The part below that opens with the line containing "Vivo V15 Geekbench Benchmark Score Results" and closes with the line containing "As a polishing" should be copied exactly, minus any pictures.

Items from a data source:
_ _ _ _ _

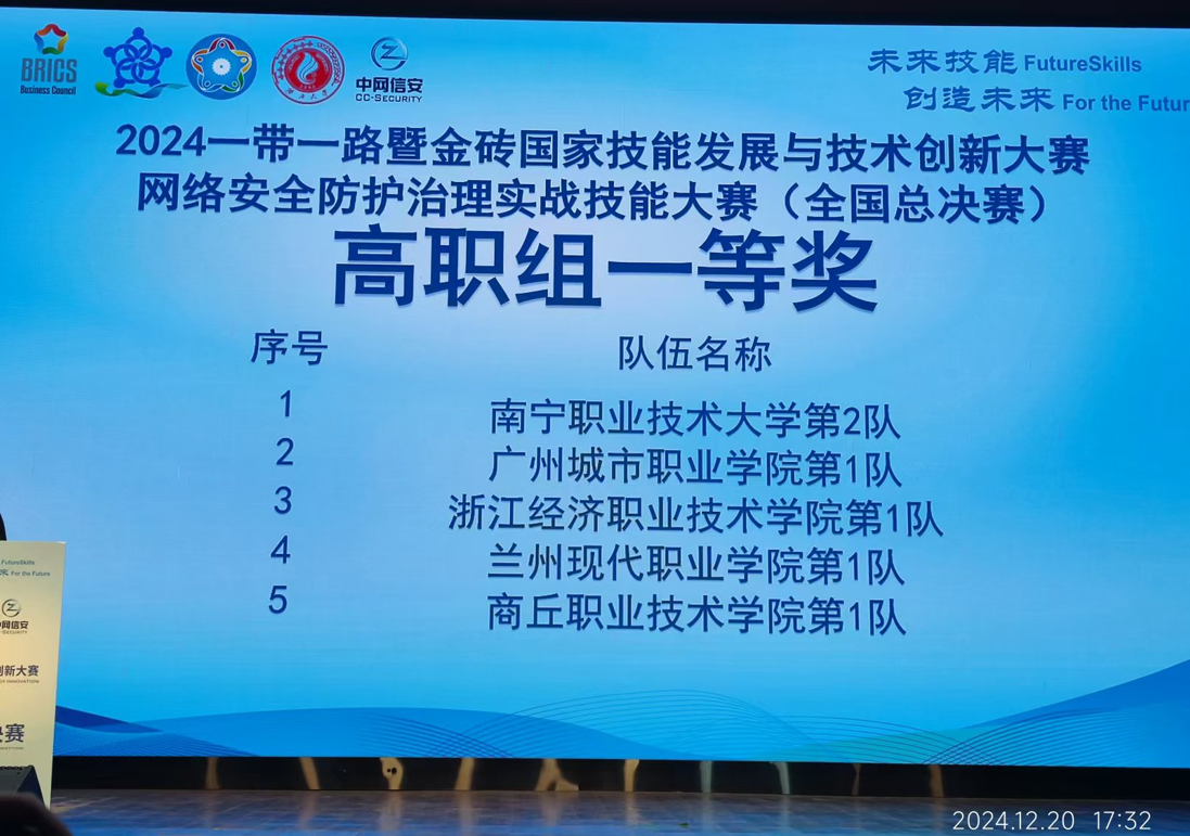 2024年12月19日至20日,2024一带一路暨金砖国家技能发展与技术创新大赛网络安全防护治理实战技能大赛(全国总决赛)在广西大学圆满举办。由理工学院安军、旅游航空学院李建基老师共同指导的兰州现代职业学院1队,喜获高职组一等奖的好成绩,实现了兰州现代职业学院在该项赛事上的新突破。
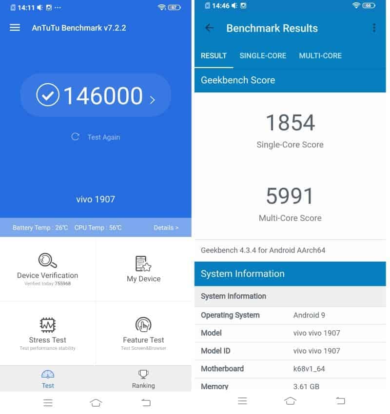 Vivo V15 Geekbench Benchmark Score Results
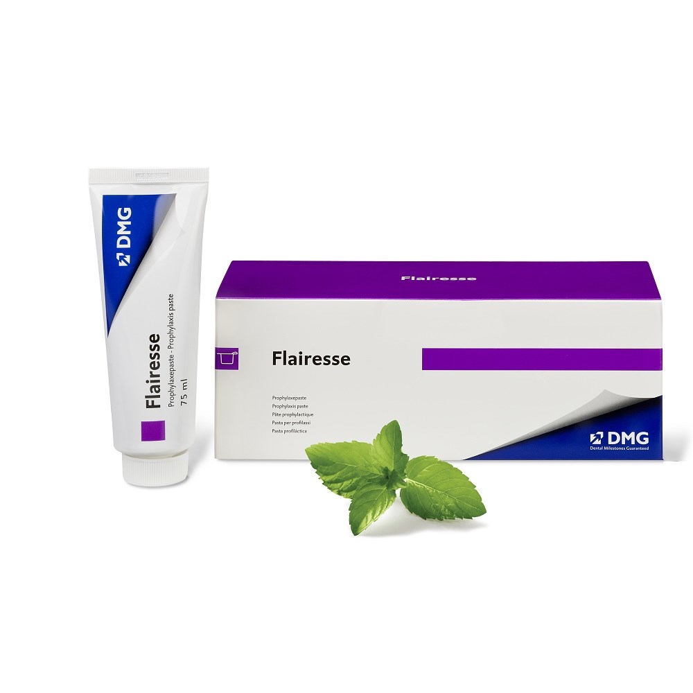 As a polishing paste, Flairesse prophylaxis paste reliably removes hard and soft plaque and extrinsic discolouration caused by coffee, tea and tobacco – without splashing or dripping. Three different abrasive grades enable thorough and gentle cleaning action.
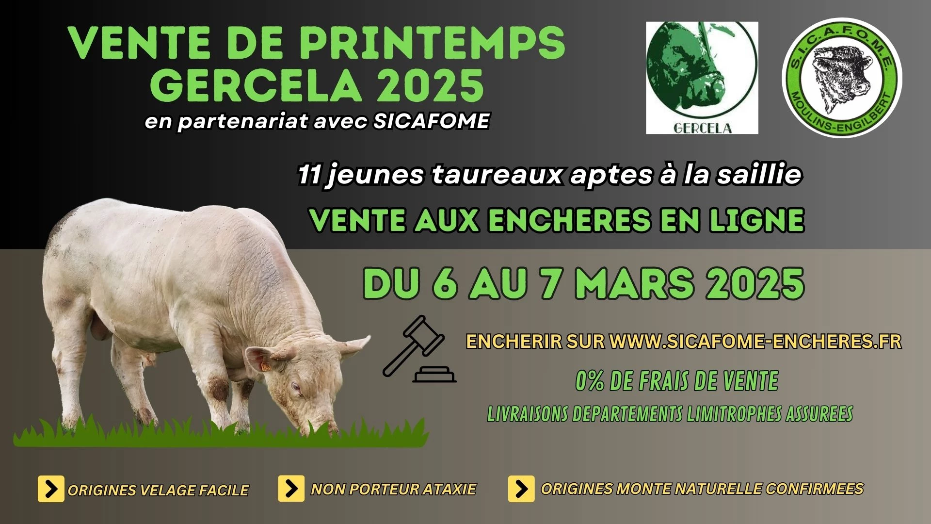« Le Gercela a toujours été dans l'évolution, et afin de continuer sur cette lancée, il paraissait important de proposer une vente aux enchères 100 % en ligne, qui se déroulera du 6 au 7 mars » détaille Jean-Louis Riotte, président du Gercela Charolais. Ainsi, le groupement propose un événement complètement digital pour la vente de 8 jeunes taureaux de l'année, deux de 18 mois et un de 30 mois. La sélection se concentre sur : « les vêlages faciles, sains d'ataxie et les origines « monte naturelle confirmée ». Le début des enchères est fixé à 3 500 euros ; avec 0 % de frais d'achat » pointe Jean-Louis Riotte.
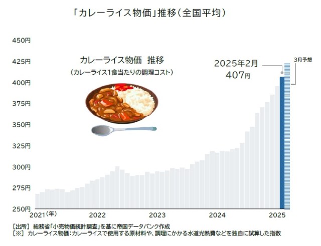 2025年4月10日におこなわれた発表によると、2025年2月分のカレーライス物価指数は1食407円となったそう。
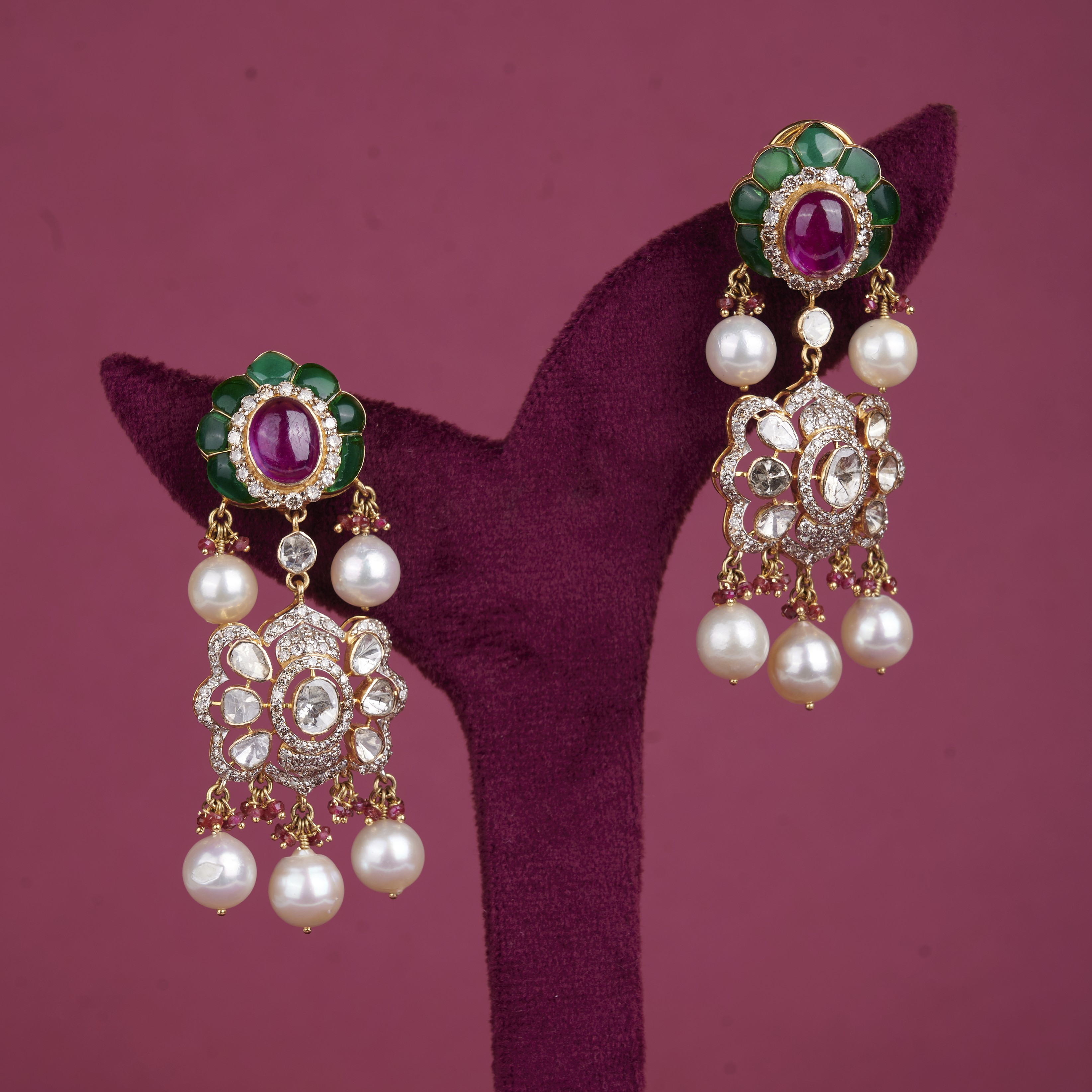 Polki Diamond Pearl Danglers

_ _ _ _ _

# Solution below
 Vivo V15 Geekbench Benchmark Score Results
 As a polishing paste, Flairesse prophylaxis paste reliably removes hard and soft plaque and extrinsic discolouration caused by coffee, tea and tobacco – without splashing or dripping. Three different abrasive grades enable thorough and gentle cleaning action.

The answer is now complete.